The result should be the full listing copied exactly, with no pictures in it.

Collected material>
^^^^

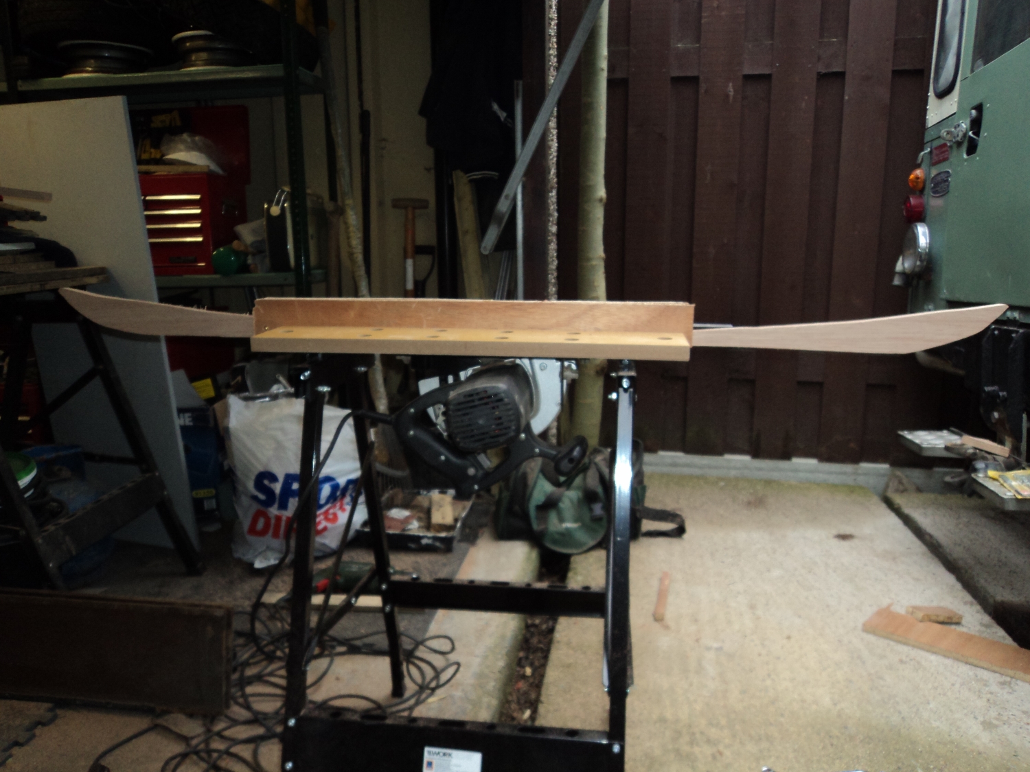 I've stripped the rivets out of the long hinges and in an ideal world I think I'd like to buy new ones. Does anyone know of a supplier? I'm fairly confident that these will be able to be used if cost or availability is a problem. The metalwork on the roof is quite primitive but I was surprised how well it copes with the passage of time. It will clean up quite nicely I think. I've used the old rotten wood as a loose guide/pattern and made the basic shapes for the roof-rack supports and the front cross piece. It's from a sheet of 18mm marine ply. Big decision now is how to treat it. I've bought ronseal yacht varnish but I'm still wondering if I want to stain it first. The old stuff was quite dark....and I've seen lots of pictures of lots of dark ones...but then again, I've seen Robins lighter woodwork up close......some thinking to do. Another decision is whether to cut the shape out of the rack supports. How much weaker will it be? Are the holes there for air to pass through.....and exactly how many more mpg will I get with the reduced drag?.no...not a serious question!
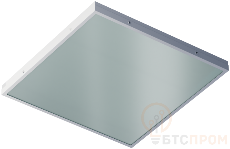 Конструкция. Цельнометаллический сварной корпус выполнен из листовой стали, покрыт белой порошковой краской. По периметру рамки рассеивателя закреплен силиконовый уплотнитель, обеспечивающий степень защиты IP54. Имеет удобную нажимную клеммную колодку для подключения. Установка. Монтируется в подвесные потолки Армстронг или другие потолки с установочным размером 595х595 мм, а также крепится на подвесах (в комплект не входят) к потолку или на опорную поверхность. Оптическая часть. Рассеиватели изготовлены из светотехнического полистирола и закаленного матированного стекла, обеспечивают равномерный мягкий свет. Источник света. Используются светодиоды HONGLI 2835 повышенной эффективности. Области использования. Медицинские учреждения, промышленные предприятия, чистые помещения. Светильники с рассеивателем из закаленного стекла подходят для помещений с категорией пожароопасных зон П-IIa. Дополнительная информация. Доступны модели: с блоком аварийного питания, с драйвером, управляемым по протоколу DALI 2.0, с датчиком движения, с CRI90_x000D_ возможна установка защитной решетки
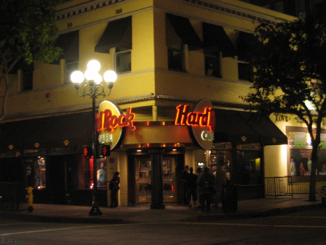 Nachdem wir jetzt so gesättigt sind, wollen wir nur noch schlafen. Aber natürlich nicht ohne vorher noch schnell das Hard Rock Cafe aufzusuchen um da unsere schon obligatorischen Sticker zu kaufen. Auch Adolf hat das Sammelfieber gepackt - warum er allerdings gleich 3 Stück kauft, kann ich nicht sagen?!

^^^^

Result below>
 I've stripped the rivets out of the long hinges and in an ideal world I think I'd like to buy new ones. Does anyone know of a supplier? I'm fairly confident that these will be able to be used if cost or availability is a problem. The metalwork on the roof is quite primitive but I was surprised how well it copes with the passage of time. It will clean up quite nicely I think. I've used the old rotten wood as a loose guide/pattern and made the basic shapes for the roof-rack supports and the front cross piece. It's from a sheet of 18mm marine ply. Big decision now is how to treat it. I've bought ronseal yacht varnish but I'm still wondering if I want to stain it first. The old stuff was quite dark....and I've seen lots of pictures of lots of dark ones...but then again, I've seen Robins lighter woodwork up close......some thinking to do. Another decision is whether to cut the shape out of the rack supports. How much weaker will it be? Are the holes there for air to pass through.....and exactly how many more mpg will I get with the reduced drag?.no...not a serious question!
 Конструкция. Цельнометаллический сварной корпус выполнен из листовой стали, покрыт белой порошковой краской. По периметру рамки рассеивателя закреплен силиконовый уплотнитель, обеспечивающий степень защиты IP54. Имеет удобную нажимную клеммную колодку для подключения. Установка. Монтируется в подвесные потолки Армстронг или другие потолки с установочным размером 595х595 мм, а также крепится на подвесах (в комплект не входят) к потолку или на опорную поверхность. Оптическая часть. Рассеиватели изготовлены из светотехнического полистирола и закаленного матированного стекла, обеспечивают равномерный мягкий свет. Источник света. Используются светодиоды HONGLI 2835 повышенной эффективности. Области использования. Медицинские учреждения, промышленные предприятия, чистые помещения. Светильники с рассеивателем из закаленного стекла подходят для помещений с категорией пожароопасных зон П-IIa. Дополнительная информация. Доступны модели: с блоком аварийного питания, с драйвером, управляемым по протоколу DALI 2.0, с датчиком движения, с CRI90_x000D_ возможна установка защитной решетки
 Nachdem wir jetzt so gesättigt sind, wollen wir nur noch schlafen. Aber natürlich nicht ohne vorher noch schnell das Hard Rock Cafe aufzusuchen um da unsere schon obligatorischen Sticker zu kaufen. Auch Adolf hat das Sammelfieber gepackt - warum er allerdings gleich 3 Stück kauft, kann ich nicht sagen?!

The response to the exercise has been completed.